Why Does Life Exist?

Functional information measures how rare functional configurations are. Wong and colleagues argue that selection should drive a law of increasing functional information. This is often read as a claim that complexity must increase. Here I give a different interpretation, which is that survivors tend to be the systems that did not overcommit. I model a system as a policy π, meaning a bundle of commitments expressed in a finite embodied vocabulary. New selection pressures arrive as a set of future requirements drawn from the unobserved outcome set U. A currently viable policy leaves an unobserved buffer Bπ ⊆ U of outcomes it still permits.
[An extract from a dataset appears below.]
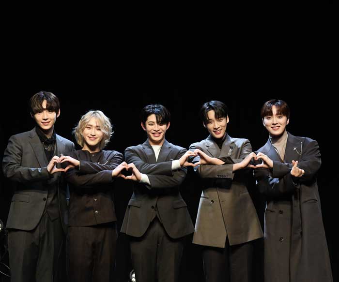 また、「日本のアーティスト、タレントで共演してみたい人は?」との質問には、アインは「ミナさん、サナさん、モモさんが日本の方だと思いますが、TWICEさんです。TWICEさんの振り付けを作ったことがあるのですが、一緒にコラボレーションできたら素敵なステージになると思いました。一緒にステージをやりたいです」、サンイルは「米津玄師さんです。一緒に歌ってみたいです」、G.I(ジーアイ)は「嵐先輩です。同じステージの上に一緒に立って、歌ったり踊ったりできたら幸せだなと思います」、サンホは「福山雅治さんです。昔から歌が好きで、よく聞きました。菅田将暉さんも好きなので、機会があれば一緒にやってみたいです」、ジンフは「中島美嘉さん、Mrs. GREEN APPLEさんとコラボしてみたいです」とそれぞれ夢を語った。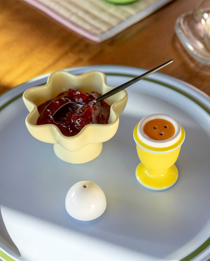 Brouillé, mollet, à la coque – peu importe comment on aime ses œufs. Ce set est déjà sur la table avant qu’on ait décidé. Il a ce petit côté décalé propre à Klevering qui fait qu’on l’achète pour soi et qu’on finit par l’offrir. À associer avec le Cantine – coquetier pour une table du matin parfaitement cohérente.

Under a maximally ignorant novelty model, the survival probability of π is exactly 2|Bπ| − |U|. Under any exchangeable novelty prior, survival remains monotone in Bπ. So persistence under novelty favours weak policies, where weakness counts the compatible completions left open. I define degree of future function as survival probability and functional information as Hazen and Szostak rarity within the currently viable set. Conditioning on persistence reweights the viable set toward larger buffers and therefore toward higher functional information. This yields a mathematical analogue of the proposed law under explicit assumptions. Supplementary analysis quantifies how much structured novelty is needed before that buffer size ordering can reverse. In fully enumerated toy worlds, weakness maximisation improves mean log survival probability relative to random choice. Weakness and simplicity are not the same thing. Weakness helps a system persist under novelty, because it keeps more futures compatible. Simplicity helps a system persist because there is less to break, which obviates the need for repair. Complexity requires self-repair to persist, increasing weakness. Life is persistent complexity. In between complex life and simple nonlife is the void of the unviable: complexity which is not alive.